• _PROVIDED ENTRIES_:

● ● ● ● ●

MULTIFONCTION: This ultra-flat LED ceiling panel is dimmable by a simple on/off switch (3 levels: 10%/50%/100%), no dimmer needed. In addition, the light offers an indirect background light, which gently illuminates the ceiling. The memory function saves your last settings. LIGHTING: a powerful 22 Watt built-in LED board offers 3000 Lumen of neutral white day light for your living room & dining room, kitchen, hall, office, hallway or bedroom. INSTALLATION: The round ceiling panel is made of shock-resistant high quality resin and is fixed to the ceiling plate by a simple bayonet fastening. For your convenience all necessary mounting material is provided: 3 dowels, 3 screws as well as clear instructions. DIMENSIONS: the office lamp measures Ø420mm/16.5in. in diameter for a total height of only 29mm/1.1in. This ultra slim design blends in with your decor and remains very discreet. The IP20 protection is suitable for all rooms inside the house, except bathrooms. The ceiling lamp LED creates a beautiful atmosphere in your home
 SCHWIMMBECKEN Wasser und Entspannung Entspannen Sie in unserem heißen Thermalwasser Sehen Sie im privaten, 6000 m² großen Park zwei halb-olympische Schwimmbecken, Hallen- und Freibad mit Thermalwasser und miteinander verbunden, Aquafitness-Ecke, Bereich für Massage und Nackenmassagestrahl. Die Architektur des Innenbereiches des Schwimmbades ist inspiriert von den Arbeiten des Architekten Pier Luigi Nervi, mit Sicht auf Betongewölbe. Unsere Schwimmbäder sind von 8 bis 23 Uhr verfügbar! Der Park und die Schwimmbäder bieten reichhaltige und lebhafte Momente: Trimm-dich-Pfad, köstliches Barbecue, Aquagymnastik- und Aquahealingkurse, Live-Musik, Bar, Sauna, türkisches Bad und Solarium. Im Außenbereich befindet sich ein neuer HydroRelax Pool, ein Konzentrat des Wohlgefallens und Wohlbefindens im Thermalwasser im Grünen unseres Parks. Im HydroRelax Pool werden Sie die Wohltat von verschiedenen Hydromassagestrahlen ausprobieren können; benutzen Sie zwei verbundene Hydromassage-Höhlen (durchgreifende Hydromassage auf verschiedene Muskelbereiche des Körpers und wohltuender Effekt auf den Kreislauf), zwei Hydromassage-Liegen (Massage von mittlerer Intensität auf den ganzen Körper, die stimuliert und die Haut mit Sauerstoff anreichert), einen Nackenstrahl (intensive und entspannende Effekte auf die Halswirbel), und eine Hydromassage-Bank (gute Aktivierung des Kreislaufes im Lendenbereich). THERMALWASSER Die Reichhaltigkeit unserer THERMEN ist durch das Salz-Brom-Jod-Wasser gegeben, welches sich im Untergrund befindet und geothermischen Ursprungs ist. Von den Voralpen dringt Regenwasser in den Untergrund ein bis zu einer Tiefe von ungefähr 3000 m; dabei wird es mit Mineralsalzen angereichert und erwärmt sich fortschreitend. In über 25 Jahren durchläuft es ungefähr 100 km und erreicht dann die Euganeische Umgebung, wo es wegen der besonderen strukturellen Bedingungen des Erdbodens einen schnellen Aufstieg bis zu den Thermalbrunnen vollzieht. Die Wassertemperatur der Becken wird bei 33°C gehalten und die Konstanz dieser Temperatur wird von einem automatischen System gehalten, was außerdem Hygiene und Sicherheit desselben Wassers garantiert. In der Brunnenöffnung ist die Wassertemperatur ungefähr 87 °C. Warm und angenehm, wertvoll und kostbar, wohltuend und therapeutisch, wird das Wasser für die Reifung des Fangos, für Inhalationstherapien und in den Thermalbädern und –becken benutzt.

● ● ● ● ●

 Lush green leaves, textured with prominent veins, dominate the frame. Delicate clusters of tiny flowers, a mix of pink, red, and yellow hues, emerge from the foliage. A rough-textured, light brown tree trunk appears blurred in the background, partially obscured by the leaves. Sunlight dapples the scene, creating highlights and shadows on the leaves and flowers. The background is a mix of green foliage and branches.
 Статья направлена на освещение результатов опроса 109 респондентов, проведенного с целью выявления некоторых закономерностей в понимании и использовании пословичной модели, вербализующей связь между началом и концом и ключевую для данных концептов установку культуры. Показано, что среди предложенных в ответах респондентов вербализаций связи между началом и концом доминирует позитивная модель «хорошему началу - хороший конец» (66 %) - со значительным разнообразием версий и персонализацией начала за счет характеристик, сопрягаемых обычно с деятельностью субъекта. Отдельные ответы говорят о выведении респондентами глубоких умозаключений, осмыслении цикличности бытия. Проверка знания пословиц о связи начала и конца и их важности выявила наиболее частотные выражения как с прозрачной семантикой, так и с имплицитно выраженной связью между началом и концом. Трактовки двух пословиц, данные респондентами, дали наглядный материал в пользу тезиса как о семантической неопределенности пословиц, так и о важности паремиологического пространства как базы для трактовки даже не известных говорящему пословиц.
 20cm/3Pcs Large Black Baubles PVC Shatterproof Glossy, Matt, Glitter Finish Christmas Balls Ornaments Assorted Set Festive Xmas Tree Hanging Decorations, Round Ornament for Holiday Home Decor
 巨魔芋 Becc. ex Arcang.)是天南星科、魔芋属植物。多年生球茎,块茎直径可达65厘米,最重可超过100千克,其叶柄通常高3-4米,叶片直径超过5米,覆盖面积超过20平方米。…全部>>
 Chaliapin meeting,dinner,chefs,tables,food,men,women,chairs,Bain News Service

● ● ● ● ●

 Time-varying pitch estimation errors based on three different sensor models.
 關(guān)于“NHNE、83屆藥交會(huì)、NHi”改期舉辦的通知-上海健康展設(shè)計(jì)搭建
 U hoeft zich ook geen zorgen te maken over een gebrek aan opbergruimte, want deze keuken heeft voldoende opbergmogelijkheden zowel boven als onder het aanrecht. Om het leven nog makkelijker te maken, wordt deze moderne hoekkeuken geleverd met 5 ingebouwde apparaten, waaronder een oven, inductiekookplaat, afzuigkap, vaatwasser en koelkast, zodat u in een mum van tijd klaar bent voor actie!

● ● ● ● ●

• _TASK GOAL_:
Copy exactly the stretch of data above from the line with "Lush green leaves, textured" through the line with "20cm/3Pcs Large Black", and omit all other lines.

• _EXERCISE RESPONSE_:
 Lush green leaves, textured with prominent veins, dominate the frame. Delicate clusters of tiny flowers, a mix of pink, red, and yellow hues, emerge from the foliage. A rough-textured, light brown tree trunk appears blurred in the background, partially obscured by the leaves. Sunlight dapples the scene, creating highlights and shadows on the leaves and flowers. The background is a mix of green foliage and branches.
 Статья направлена на освещение результатов опроса 109 респондентов, проведенного с целью выявления некоторых закономерностей в понимании и использовании пословичной модели, вербализующей связь между началом и концом и ключевую для данных концептов установку культуры. Показано, что среди предложенных в ответах респондентов вербализаций связи между началом и концом доминирует позитивная модель «хорошему началу - хороший конец» (66 %) - со значительным разнообразием версий и персонализацией начала за счет характеристик, сопрягаемых обычно с деятельностью субъекта. Отдельные ответы говорят о выведении респондентами глубоких умозаключений, осмыслении цикличности бытия. Проверка знания пословиц о связи начала и конца и их важности выявила наиболее частотные выражения как с прозрачной семантикой, так и с имплицитно выраженной связью между началом и концом. Трактовки двух пословиц, данные респондентами, дали наглядный материал в пользу тезиса как о семантической неопределенности пословиц, так и о важности паремиологического пространства как базы для трактовки даже не известных говорящему пословиц.
 20cm/3Pcs Large Black Baubles PVC Shatterproof Glossy, Matt, Glitter Finish Christmas Balls Ornaments Assorted Set Festive Xmas Tree Hanging Decorations, Round Ornament for Holiday Home Decor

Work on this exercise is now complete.